-- TASK TO CARRY OUT --
When the line with "由于与关税相关的波动以及地缘" comes up, set it down and every later line to the end of the data, exactly and without pictures.

-- DATA SECTION --
####

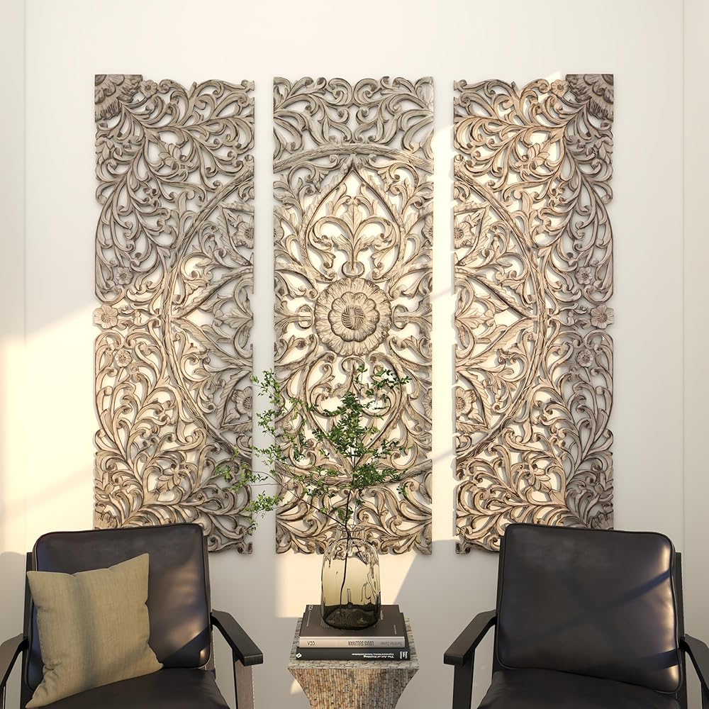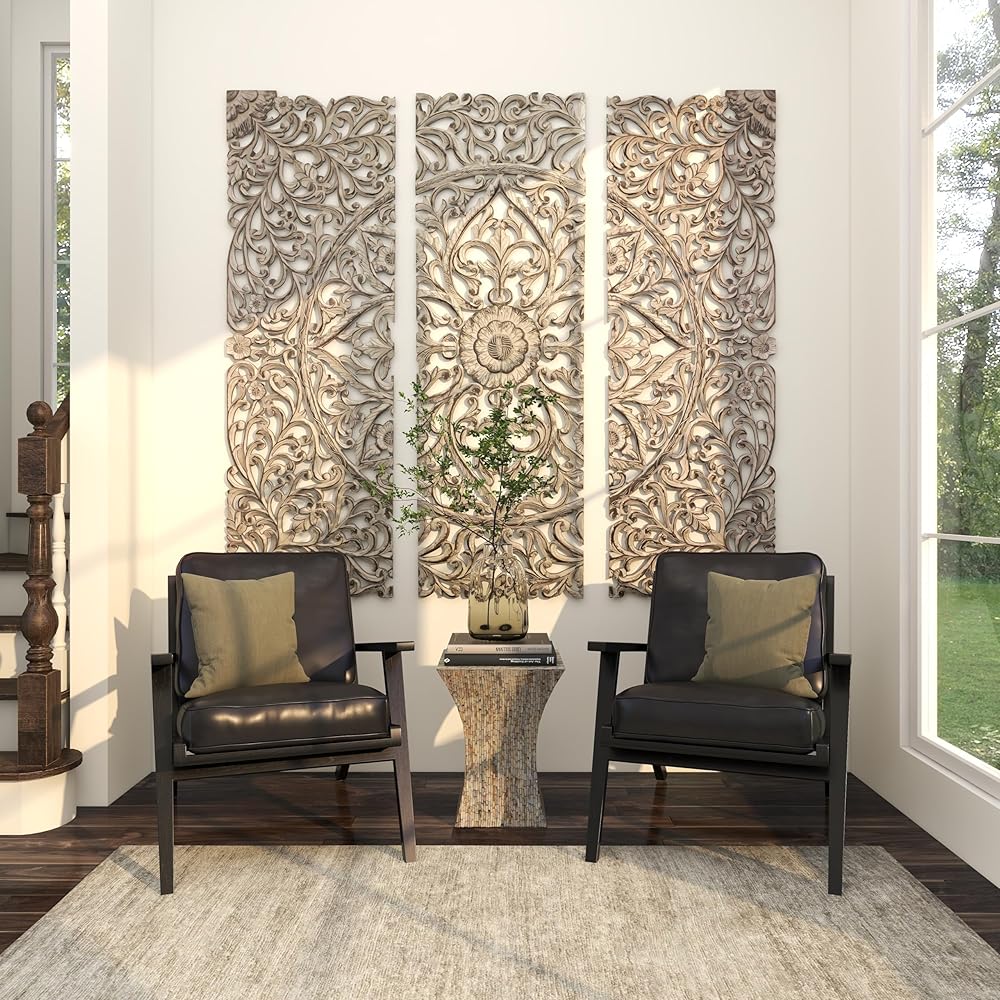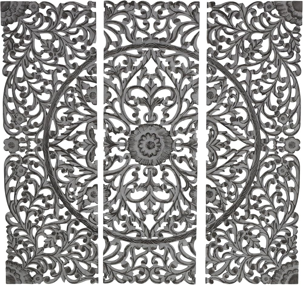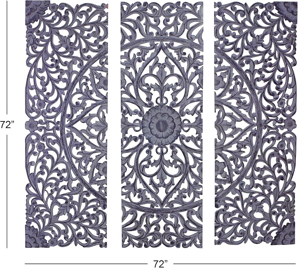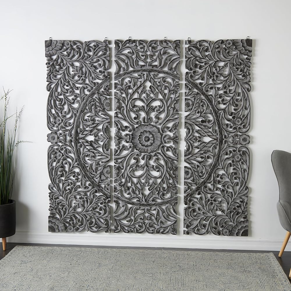 FEATURES RECTANGLE WALL DECOR: Intricate, ornate hand-carved flowers and acanthus designs throughout the blooming flower encompassed by a circle in the center when the three panels are hung next to each other
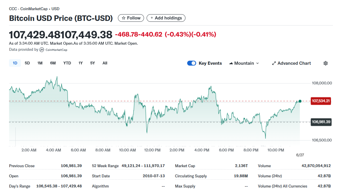 由于与关税相关的波动以及地缘政治和经济方面的担忧,比特币的价格今年一直波动较大。最近几天,比特币价格上涨至10.7万美元,今年以来上涨了14%。今年5月,其价格还一度触及11.1万美元以上的历史高点。
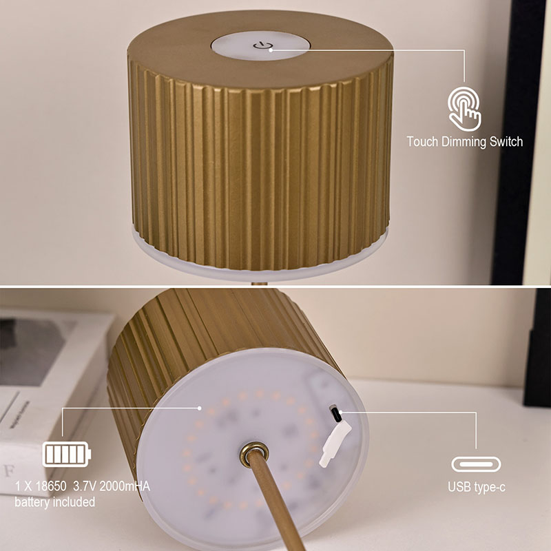 टच स्विच (टाइप-सी चार्ज)विभिन्न परिदृश्यों की प्रकाश आवश्यकताओं को पूरा करने के लिए, बैटरी के साथ मेटल शेड छोटा टेबल लैंप उन्नत 3-स्पीड डिमिंग फ़ंक्शन से सुसज्जित है। सरल ऑपरेशन के साथ, आप प्रकाश की तीव्रता को स्वतंत्र रूप से समायोजित कर सकते हैं।
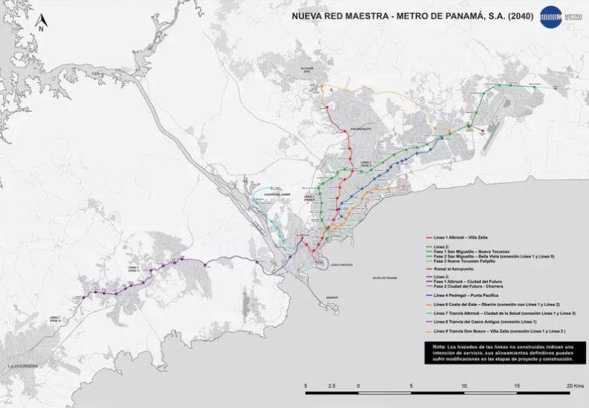 地铁的3号线是一条东西向延伸的25公里单轨系统。该线将于2022年完工,将在不到45分钟的时间内将通勤者从西巴拿马省通过巴拿马运河运送到巴拿马城。由于交通拥堵,旅程现在最多可能需要三个小时。

####

-- ANSWER BELOW --
 由于与关税相关的波动以及地缘政治和经济方面的担忧,比特币的价格今年一直波动较大。最近几天,比特币价格上涨至10.7万美元,今年以来上涨了14%。今年5月,其价格还一度触及11.1万美元以上的历史高点。
 टच स्विच (टाइप-सी चार्ज)विभिन्न परिदृश्यों की प्रकाश आवश्यकताओं को पूरा करने के लिए, बैटरी के साथ मेटल शेड छोटा टेबल लैंप उन्नत 3-स्पीड डिमिंग फ़ंक्शन से सुसज्जित है। सरल ऑपरेशन के साथ, आप प्रकाश की तीव्रता को स्वतंत्र रूप से समायोजित कर सकते हैं।
 地铁的3号线是一条东西向延伸的25公里单轨系统。该线将于2022年完工,将在不到45分钟的时间内将通勤者从西巴拿马省通过巴拿马运河运送到巴拿马城。由于交通拥堵,旅程现在最多可能需要三个小时。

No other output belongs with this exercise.